Пусть в тающем абрисе дня,
В сгущенных тенях предвечерья
Проявятся – в бликах огня –
Пути неземного кочевья
Двух душ. И размеренный быт
Вдруг карточным домиком станет,
И молния чувства пронзит
Безмолвие нотного стана…
Пусть в форточку вечность сквозит,
Врачуя душевные раны,
И ветра шального визит
Расстроит насущные планы.
Пусть сотни надуманных фраз
Умолкнут в тиши многоточий…
И времени ветхий баркас
Потонет в безвременье ночи.

А МОЖЕТ, ВЕРНЕМСЯ В ТОТ ДЕНЬ?
А может, вернемся в тот день, что на cнимке,
В то старое фото?
О, как обаятельны те, что в обнимку...
Талантливый кто-то
Поймал этот миг, эту вечность – не важно…
На пару мгновений –
В тот воздух, в тот праздник, в тот дом двухэтажный,
В тот вечер осенний,
В ту необратимую нашу отчизну
Вернемся в обнимку…
Какие-то светлые, лучше, чем в жизни,
Те двое на снимке.


Валерий Пайков
(Израиль)

ПАДАЮТ ЛИСТЬЯ
Вырвать у Времени пару свободных часов:
белое поле – тропинками несколько строк.
Память беременна – пальцами слышится зов
прошлого. По ветру веткою в прежний острог...

Форточкой хлопает ветер – бесстыжий совсем.
Запахом мёда, цветочным, томятся пруды.
Белыми хлопьями пух тополиный у стен,
возле комода, на книгах, в стакане воды.

Прожито прошлое. Снова пройти бы – испить.
Дома развалины прячут остатки узлов.
Родина брошена. Всё-таки, плохо просить.
Кажется, звали, но надо читать между слов.

Спрятать от Времени памяти чёрный ларец –
пара записок – по нынешним меркам, пустяк.
Не озарение – просто приходит конец.
Падают листья.

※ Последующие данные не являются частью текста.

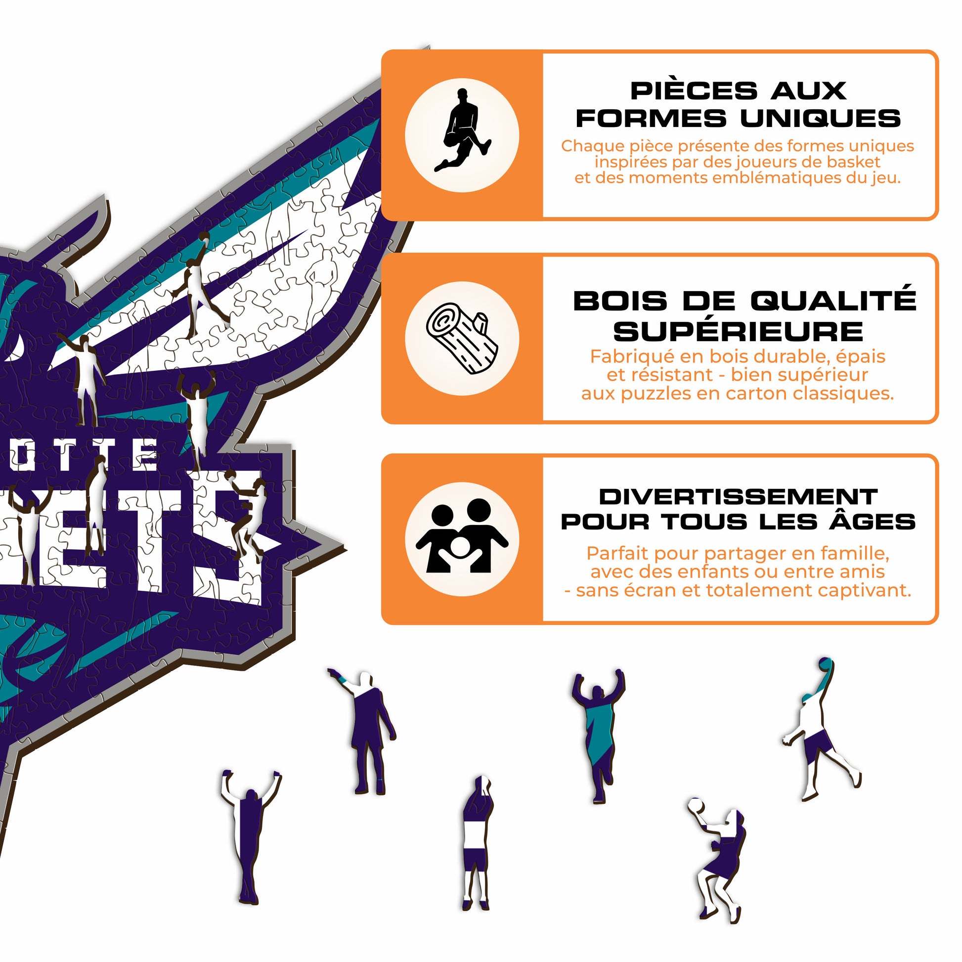 ✓ 1x Puzzle Officiel en Bois - Logo des Charlotte Hornets™
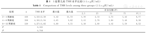| 组别 | n | TSH水平 | 最小值 | 最大值 | 百分位数(P) | ||||
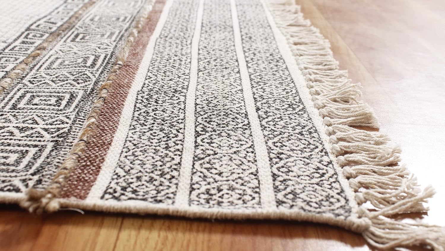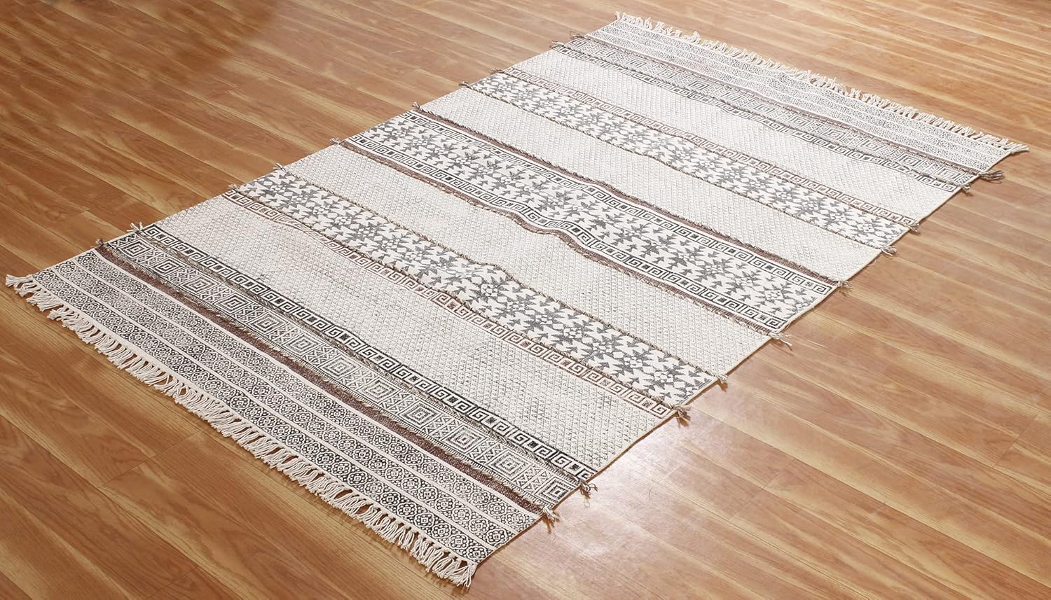 Ein handgeknüpfter Orientteppich ist nicht nur ein Bodenbelag – er ist Kunst, Kultur und Wertanlage zugleich. Mit dem Striped Flat Weave Rug Hand Printed 9×12 Kilim Living Room Handmade Boho Grey Beige Thick 0.2 Inch Cotton Easy Washable Indoor Outdoor Bedroom Rug holen Sie sich ein Stück Geschichte in Ihre vier Wände.

И что-то ещё в Новостях.

МОЁ ОКНО

Тысячи окон. Какое там тысячи – сонмы.
Мне бы одно отворить. Метеоров жнивьё,
солнца ли локон, планет угасающих сон ли,
вечности дно рассмотреть, словно завтра своё.

Лестницей ржавой, подобно пожарной, гремящей,
я поднимусь, не надеясь на помощи гать,
не уповая на жалость, к вершине манящей.
Я не сорвусь. Мне бы только своё угадать.

Здесь мой Вефиль – существа все начала и глуби.
Только коснись – и откроется створка, скрипя.
Звёздная пыль тихой нежностью ляжет на губы,
синяя высь захлестнёт моё сердце, слепя.

Сброшу рубаху, символику свергнутых измов,
выжившим стоикам, чтобы идею допрясть...
Клевером пахнет. Вы слышите, пахнет отчизной.
Всё-таки стоило жить, чтобы с неба упасть.


Елена Шилова
(Москва)

БЕЛОШВЕЙНОЕ
Шелком шит подол у ночи,
осень лист кленовый точит,
в пяльцах – желтым – звёздок точки.
Баю-бай.
Тонко ушко у иголки,
шесть стежков – и будет ёлка,
три – снежинок крестик ломкий.
Вышивай.
Не смотри, что пальцам колко,
вдень покрепче нить в иголку,
вышей волка, даже волку
будет прок.
Пусть он, серый, лесом рыщет,
ищет заклинаний тыщи,
чтобы сны нам чей-то вышний
приберёг.

А пока – не спит иголка,
тонко ушко, утро – долго,
нить длинна и кривотолки.
Непокой.
Шьёшь ты сарафан подружке,
сверху – небо полукружьем,
а на небе – месяц дужкой
золотой.
Шей узор свой, белошвейка,
над подушкой сон развей-ка,
вышей счастья мне на бейке
ровно в край.
Шелком шит подол у ночи,
осень лист кленовый точит,
в пяльцах – желтым – звёздок точки.
Баю-бай.

БЕЗДЕЛЬНОЕ
Что делать в старости, когда твои года
годятся разве только на засолку?
Печалиться, пыль вытирая с полки?
Тихонько ждать, года твои когда
размоет несолёная вода?
Зачем? Ведь можно бросить к чёрту
пыль, полки, грядки, этот воздух спёртый
и очень обеспеченной мадам
растить горчицу в ласковом Дижоне,
подстричься коротко, издать пяток книжонок
(совсем малюсеньких, чтоб уместить в карманах),
наесться вдоволь переспелой манны
(что, говорят, в Дижоне завались),
с утра молочнику задвинуть о Дали
(слегка флиртуя, но о том – молчок!),
распутать на удилище крючок
и без забот, потягивая лесу,
ловить лещей за близлежащим лесом
(иль что там за леса у них в Дижоне?),
вернуться к завтраку домой, слегка пижоня,
нести улов на леске навесу,
(в лесу словить на воротник лису),
обмакивая в кофе круасан,
почитывать, что пишет Мопассан,
потом отправиться на пешую прогулку,
уйти подальше от столицы гулкой,
ловить кузнечиков, валяться на газоне,
цветы полить в растресканном вазоне,
когда под вечер, возвратясь домой,
наденешь платье с шёлковой каймой.
И просто жить, года ловя в сачок.
А что же делать в старости ещё?


Анна Людвиг
(Кельн)

КОЛЫБЕЛЬНАЯ
тёплый ветер печаль и заботы куда-то унёс,
под ногами – пружинящий мох и невидимый вереск,
выйду ночью к реке, на пустынный, искрящийся берег
и войду в эту воду, парную и полную звёзд...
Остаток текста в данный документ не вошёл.